A group that stole a large sum of money from two funds paying compensation to victims of the Holocaust has been uncovered in the United States. According to the FBI, the suspects, being in collusion with employees of the funds, sent to charitable organizations more than 5 thousand fictitious appeals with a request to provide material assistance – and thus stole $42 million.
The prosecutor’s office of the Southern District of New York last Tuesday opened a criminal case against 17 people suspected of large-scale embezzlement from the funds of assistance to victims of the Holocaust. According to the TV channel “BBC”, FBI officers began investigating in 2009, when they were approached by representatives of the association “Conference on Jewish Material Claims to Germany”. This public organization was founded in 1951 to assist funds paying compensation to victims of the Holocaust, and is funded by the German government. The association helped foundations distribute two types of payments – lump-sum compensation of $3,600 to Nazi refugees and monthly compensation of $411 to those victims of the Third Reich whose income did not exceed $16,000 a year.
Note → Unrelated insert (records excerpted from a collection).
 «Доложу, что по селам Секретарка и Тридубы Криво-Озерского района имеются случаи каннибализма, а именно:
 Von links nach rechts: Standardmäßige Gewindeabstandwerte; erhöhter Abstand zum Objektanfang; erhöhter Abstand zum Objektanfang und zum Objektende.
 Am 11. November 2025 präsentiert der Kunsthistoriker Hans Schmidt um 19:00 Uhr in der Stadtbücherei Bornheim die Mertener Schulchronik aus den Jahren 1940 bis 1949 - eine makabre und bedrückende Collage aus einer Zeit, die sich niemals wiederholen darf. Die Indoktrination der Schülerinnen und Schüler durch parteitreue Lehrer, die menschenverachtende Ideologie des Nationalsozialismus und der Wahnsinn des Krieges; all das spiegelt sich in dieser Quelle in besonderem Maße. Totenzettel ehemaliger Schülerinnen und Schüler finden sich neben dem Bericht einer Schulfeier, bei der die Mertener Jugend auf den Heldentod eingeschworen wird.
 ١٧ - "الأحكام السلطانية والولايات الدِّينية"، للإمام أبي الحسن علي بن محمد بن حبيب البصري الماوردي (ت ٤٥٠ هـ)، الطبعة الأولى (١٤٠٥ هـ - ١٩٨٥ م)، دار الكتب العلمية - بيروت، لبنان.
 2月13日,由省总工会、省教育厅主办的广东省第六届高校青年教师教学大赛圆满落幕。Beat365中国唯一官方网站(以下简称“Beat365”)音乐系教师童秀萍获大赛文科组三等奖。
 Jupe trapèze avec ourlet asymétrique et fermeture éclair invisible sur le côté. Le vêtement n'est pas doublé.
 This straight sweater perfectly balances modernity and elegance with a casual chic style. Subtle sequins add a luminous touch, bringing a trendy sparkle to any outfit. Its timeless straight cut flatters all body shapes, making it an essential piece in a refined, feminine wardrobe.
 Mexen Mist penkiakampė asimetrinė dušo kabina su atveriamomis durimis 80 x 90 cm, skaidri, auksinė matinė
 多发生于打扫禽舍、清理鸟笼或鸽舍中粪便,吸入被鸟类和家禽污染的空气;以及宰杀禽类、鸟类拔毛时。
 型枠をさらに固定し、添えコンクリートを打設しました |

As representatives of the “Conference on Jewish Material Claims Against Germany” told investigators, in recent years they had doubts about the honesty of the staff of the New York organizations – the Hardship Fund, which handled the lump sum payments, and the Second Article Fund, which paid the monthly compensations.
An internal investigation, later joined by the FBI, found that six employees of the funds had been abusing their positions since at least 1993.
According to the investigation, they stole $42 million from charitable organizations over the course of years.
The money was withdrawn with the help of fictitious claims for compensation payments. The fact is that the employees of the funds check the authenticity of the data stated in the letters of the victims of the Holocaust, using archives and databases, sometimes referring to public organizations. As the FBI found out, such a large-scale fraud would not have been possible without the participation of the heads of the Holocaust victims’ foundations.
In some cases, the money was paid to people born much later than World War II, in whose documents the perpetrators corrected the dates. One of the applicants for a payout was not Jewish at all.
Most of the applications, the indictment says, were written by the same people, as confirmed by linguistic and handwriting examinations.
According to the FBI, the organizer of the criminal scheme was the head of one of the foundations Semyon Domnitzer and five of his colleagues. Other defendants include Valentina Romashova (aka Tina Rohum), Polina Staroseletskaya, Polina Berenson, Polina Breiter, Lilia Ukrainskaya, Galina Trutina-Demchuk, Marina Zaitseva, Dora Grande, Polina Anoshina, Abram Greenman, Tatiana Greenman, Rosalia Brodetskaya, and Faina Davidson, who live in the United States. Staroseletskaya, Berenson and Breiter were rank-and-file employees of Holocaust victims’ foundations that received applications for compensation. Romashova was an employee of a law firm and placed advertisements in Russian-language New York newspapers for legal assistance to Holocaust victims. Grande was responsible for forging documents, and the other defendants assisted her in doing so.
Most of the defendants, the BBC reports, are on their own recognizance: they were released on $100,000 bail. If the court eventually finds the participants of a major scam guilty, they face up to 20 years in prison.